Il est toujours utile de préciser, rapidement à l'oral et/ou dans le code (un commentaire suffit) les complexité (ou ordre de grandeur) des fonctions exigées par l'énoncé.

En temps

  • Une étape d'infection, i.e., une_etape_infection, est en temps linéaire $\mathcal{O}(n)$ (et c'est optimal),
  • Donc $m$ étapes, i.e., m_etapes_infection, est en temps $\mathcal{O}(n \times m)$ (et c'est optimal).

En espace

Tout est bien évidemment linéaire en $n$ la taille du tissu.


Conclusion

Voilà pour la question obligatoire de programmation.

Qualités

  • On a décomposé le problème en sous-fonctions,
  • on a fait des exemples et on les garde dans ce qu'on présente au jury,
  • on a testé la fonction exigée sur de petits exemples et sur un exemple de taille réelle (venant du texte).

Défauts

  • Par contre, on a testé avec uniquement une valeur pour $I$ et $K$ (resp., $2$ et $5$), et les fonctions écrites ne sont pas paramétriques en $I$ et $K$. (notez que ce serait assez trivial de les rendre des paramètres)

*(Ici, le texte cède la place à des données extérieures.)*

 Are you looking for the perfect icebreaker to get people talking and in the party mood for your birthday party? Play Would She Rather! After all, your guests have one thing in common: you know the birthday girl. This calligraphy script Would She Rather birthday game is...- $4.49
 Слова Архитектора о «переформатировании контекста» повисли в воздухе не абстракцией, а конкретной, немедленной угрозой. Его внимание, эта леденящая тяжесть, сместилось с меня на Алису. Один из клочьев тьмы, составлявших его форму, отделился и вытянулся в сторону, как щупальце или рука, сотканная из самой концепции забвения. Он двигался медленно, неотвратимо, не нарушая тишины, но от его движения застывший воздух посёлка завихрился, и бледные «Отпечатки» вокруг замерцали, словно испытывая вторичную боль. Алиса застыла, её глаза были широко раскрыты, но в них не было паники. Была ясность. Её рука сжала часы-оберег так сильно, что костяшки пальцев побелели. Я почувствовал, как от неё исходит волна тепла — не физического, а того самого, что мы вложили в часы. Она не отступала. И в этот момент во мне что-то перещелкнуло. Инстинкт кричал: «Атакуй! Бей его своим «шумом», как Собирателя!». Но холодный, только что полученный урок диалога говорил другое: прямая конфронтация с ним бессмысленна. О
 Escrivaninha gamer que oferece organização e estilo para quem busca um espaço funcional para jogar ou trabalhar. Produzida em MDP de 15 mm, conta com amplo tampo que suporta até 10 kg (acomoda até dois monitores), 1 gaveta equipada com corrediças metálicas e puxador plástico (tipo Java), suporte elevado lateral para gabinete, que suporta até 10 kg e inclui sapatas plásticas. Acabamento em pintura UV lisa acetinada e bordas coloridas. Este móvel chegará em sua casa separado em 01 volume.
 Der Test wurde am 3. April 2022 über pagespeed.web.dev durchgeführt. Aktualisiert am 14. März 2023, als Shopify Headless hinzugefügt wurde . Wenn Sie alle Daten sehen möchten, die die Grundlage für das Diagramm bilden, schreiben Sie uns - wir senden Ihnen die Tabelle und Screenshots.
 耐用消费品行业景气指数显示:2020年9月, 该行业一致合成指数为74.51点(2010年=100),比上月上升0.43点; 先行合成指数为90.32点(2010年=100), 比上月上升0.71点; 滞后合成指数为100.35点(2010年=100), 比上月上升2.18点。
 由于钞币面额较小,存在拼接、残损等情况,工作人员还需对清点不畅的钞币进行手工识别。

Bien-sûr, ce petit notebook ne se prétend pas être une solution optimale, ni exhaustive.

Vous auriez pu choisir de modéliser le problème avec une autre approche, ou vous auriez pu expérimenter des extensions de cette approche (e.g., des tissus en 2D ou 3D).